What is/ are mumblypeg/s?
“Mumblypeg” is a game–I’ve seen it played a few times, where people throw a knife at the ground to see if it will stick straight up perfectly (rather than just falling).
I’ve always seen it spelled “mumblety-peg.”
Cite:
http://www.stg.brown.edu/projects/WWII_Women/RA/NCraig/Games.html
It’s a game you play with knives.
Mumblety peg is (was) a game children played with three-bladed pocket knives, back in the days when pocket knives were allowed at school. A blade at each end was opened fully, and the middle blade was opened half way. As best I recall, the knife was placed on the ground with just enough of the center blade inserted in the dirt to hold it in an upright position. You put a finger under the knife and flippped it. Scoring was based on which blade or blades, if any, stuck in the ground when the knife landed.
It has been a long time since I played and I could be off on the details, but that’s reasonably close. Of course, there were other variations and other rules, too. You can find some of them with a quick Google.
I am sure this game has many, many variations, but here is how we used to play mumblypeg.
Take a parter and a pocket knife and open a blade on each end. Each person throws the knife and tries to stick it in the ground in a place where the other person wont be able to reach with their foot. If they can’t reach the point you throw it at, you win. Not as easy as it sounds
postscriptum: Try not to stab your partner in the foot, if you can avoid it.
That’s interesting… that’s exactly how me and my pals played it as kids, too. I had no idea there were other variations of it. This was in the Boy Scouts, too, and obviously throwing knives around peoples’ feet was not considered an appropriate activity in an organization with an entire chapter of its handbook devoted to knife safety. I think that was largely the reason it was so popular… sort of a rebellious, forbidden fruit sort of thing.
It seems though that despite the variations, the central theme of the game is “throwing knives at things.”
The definitive treatment of mumbletypeg can be found in a book entitled Where Did You Go? Out. What Did You Do? Nothing. by Robert Paul Smith. The game is described in detail, and excellently illustrated by James J. Spanfeller.

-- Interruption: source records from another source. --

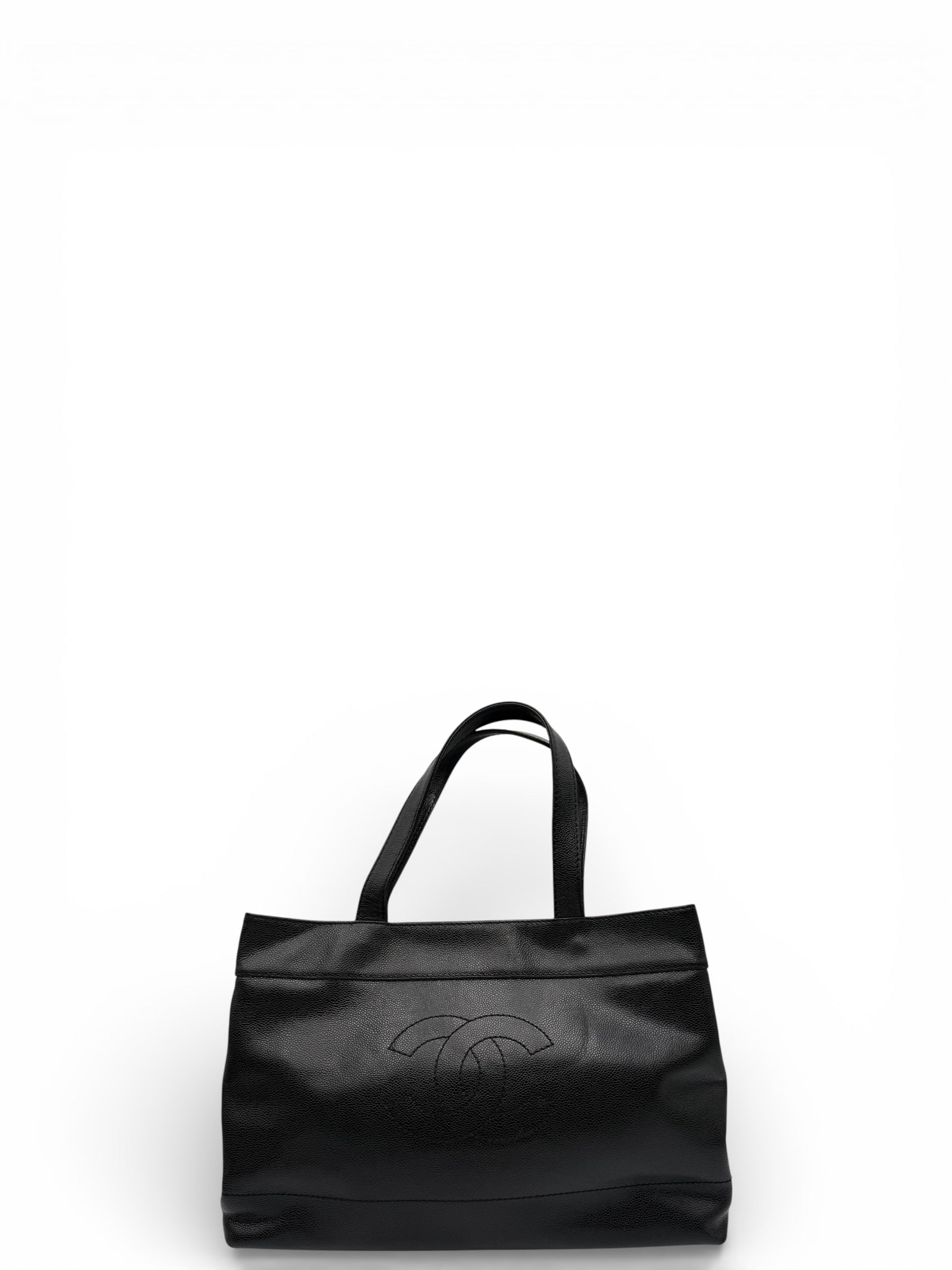 CHANEL BLACK CAVIAR CC WALLET WITH BLACK AND GOLD CC
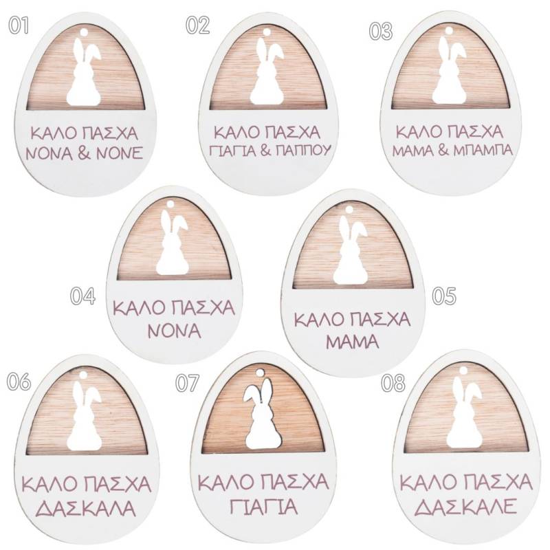 Ξύλινο Αυγό με Λαγουδάκι και Αφιέρωση 8Χ6εκ. Νέο
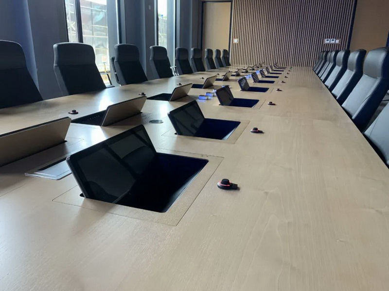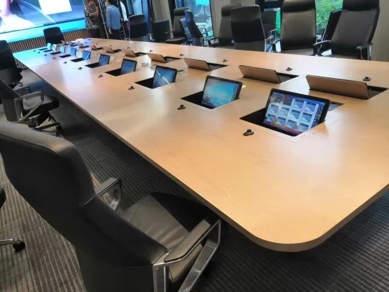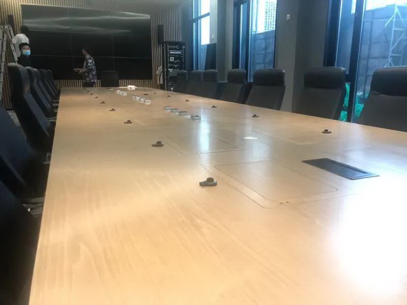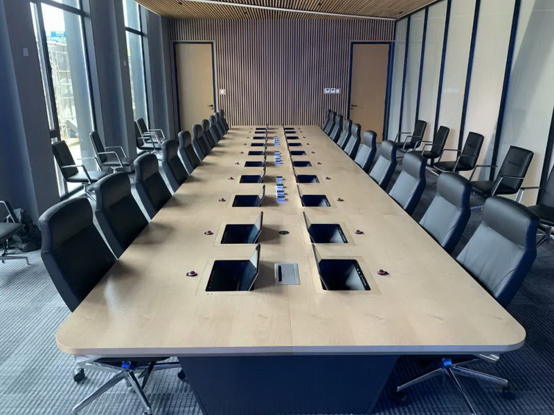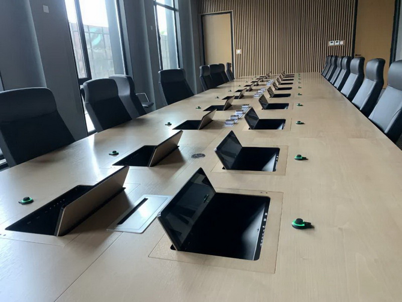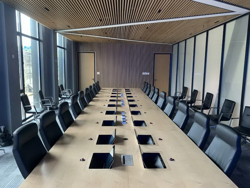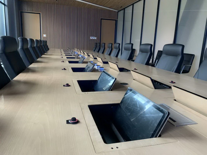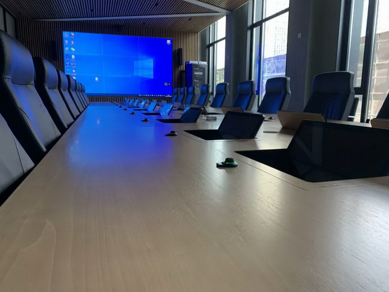 2、會議桌有升降式觸摸屏,既要配合好無紙化,話筒拾音必須達到最佳效果,無雜音。

The game is properly played with the awl blade of a pocket knife, and hence is much less dangerous than you would think from the description of the game as “throwing knives at things”. There are specific moves and, in the later stages, they become quite challenging.
Tony Chestnut!
The game that we played as kids was most like the one described in Nocturne’s link. However, we did have one additional aspect to the game that, to me, explained its name but which I haven’t seen in any of the descriptions so far.
When we played, we took a small wooden peg (perhaps a matchstick with one end sharpened) and stuck it upright in the ground. When you successfully made your throw you got to give the peg a tap to drive it into the ground a bit deeper. Whoever lost the game had to dig the peg out of the ground with his teeth. This led to a bit of strategy in that, if you were in danger of losing, you gave the peg very light taps. But if you were winning, you would really pound that thing down. And on the final throw, you’d try to bury the top of the peg well below the surface of the dirt so the loser would really have to dig for it. This led to quite a bit of mumbling while retrieving the peg and hence the game’s name (or so I’ve always believed).
SC
I thought mumblety-peg was the name for the “game” where you stab between your outstretched fingers, as seen in Aliens and various other movies. What is the name of that game?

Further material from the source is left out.